A excessiva eritropoese ineficaz na talassemia pode causar hemato-poese extramedular (HEM), resultando em hepatomegalia, esplenomegalia e massas de tecido hematopoético em diversos tecidos. Localizações de HEM compensatória menos freqüentes são rins, glândulas adrenais, canal medular, pleura, pericárdio, duramáter, tecido adiposo e pele. Entretanto, HEM intratorácica é condição rara. Estratégias terapêuticas incluem radiação e transfusões sanguíneas. O uso de hidroxiuréia concomitante a terapêutica transfusional foi associado à regressão clínica da HEM na talassemia. Nós descrevemos um caso de HEM intratorácica em paciente portadora de talassemia intermédia, com significante regressão do quadro após terapêutica isolada com hidroxiuréia. Rev. bras. hematol. hemoter. 2006;28(1):71-72.

Palavras-chave: Hemoglobinopatia; hematopoese extramedular; talassemia; hidroxiuréia.

Introduction

Extramedullary hematopoiesis (EMH) is a compensatory mechanism that occurs in patients with hematological dysfunctions, such as thalassemia major or intermedia and sickle cell anemia.¹ EMH most commonly occurs in organs that have physiological hematopoiesis during embryonic life, especially the liver, spleen and lymph nodes.2 Other less frequent locations of diffuse compensatory EMH are the kidneys, adrenal glands, breasts, spinal cord, pleura, peri-cardium, duramater, adipose tissue and skin. Intrathoracic extramedullary hematopoiesis is a rare condition.^2,3

Transfusions have been successful in reducing EMH in patients with thalassemia intermedia. On the other hand, hydroxyurea (HU), an inhibitor of the cellular enzyme ribonucleotide reductase, has been associated with clinical improvement in sickle cell anemia, but there is limited experience with HU in thalassemia.^4,5

We present a case of regression of intrathoracic EMH with HU therapy in a patient with ß-thalassemia intermedia.

Case report

A 39-year-old woman with ß-thalassemia intermedia (genotype IVS1-6/ IVS1-110) was asymptomatic when she suffered a traumatic break of her left scapula. The whole blood count was as follows: hemoglobin 8.8 g/dL; hematocrit 28.0%; mean corpuscular volume 77.0 fl; mean corpuscular hemoglobin 24.0 pg; leukocytes 9.4 x109/L; platelets 635 x109/L. A chest X-ray demonstrated that there was a break of left scapula and also it showed a middle-lower mediastinal mass.

A thoracic computed tomography (CT) showed a right smoothly-bordered paravertebral mass located on the T3 -T9 levels without bone destruction (Figure 1).
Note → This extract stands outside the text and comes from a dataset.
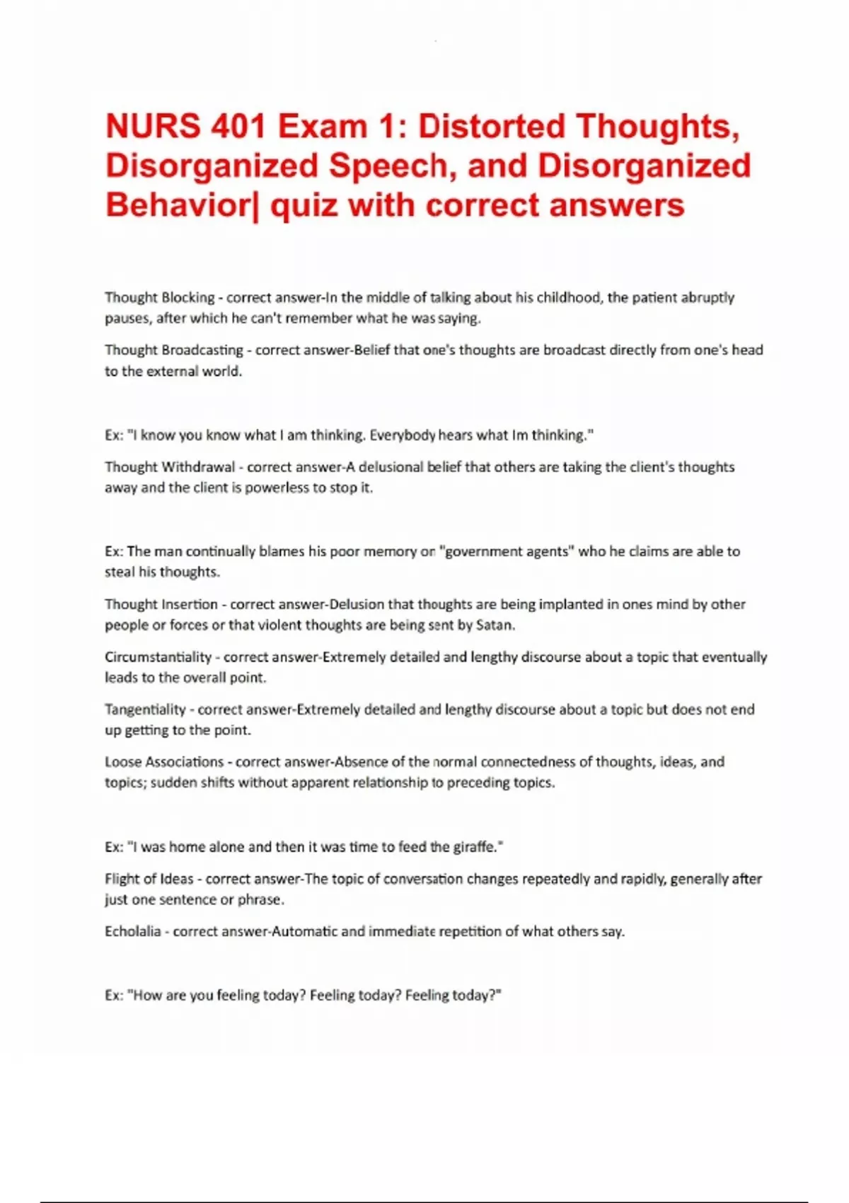 NURS 401 Exam 1 Distorted Thoughts, Disorganized Speech, and Disorganized Behavior quiz with correct answersNURS 401 Exam 1 Distorted Thoughts, Disorganized Speech, and Disorganized Behavior quiz with correct answersNURS 401 Exam 1 Distorted Thoughts, Disorganized Speech, and Disorganized Behavior quiz with correct answersNURS 401 Exam 1 Distorted Thoughts, Disorganized Speech, and Disorganized Behavior quiz with correct answersNURS 401 Exam 1 Distorted Thoughts, Disorganized Speech, and Disorganized Behavior quiz with correct answers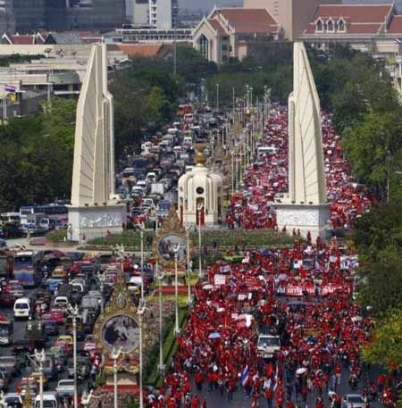 中新網2月25日電 據香港《大公報》二十五日報道,泰國反獨裁民主聯盟(反獨聯)二十四日在首都曼谷舉行大規模反政府集會示威活動(見圖),向阿披實總理領導的聯合政府施壓。

The patient was treated with HU at an initial dose of 8.5 mg/Kg/day, with the dose increased every 8 weeks to a final dose of 16.0 mg/Kg/day.

A follow-up CT was obtained one and two years later with EMH regression (Figure 2). There were no side effects during HU treatment.

Discussion

Excessive ineffective erythropoiesis in thalassemia intermedia may cause EMH, resulting in spleen and liver enlargement or masses in several positions, specifically paravertebrally.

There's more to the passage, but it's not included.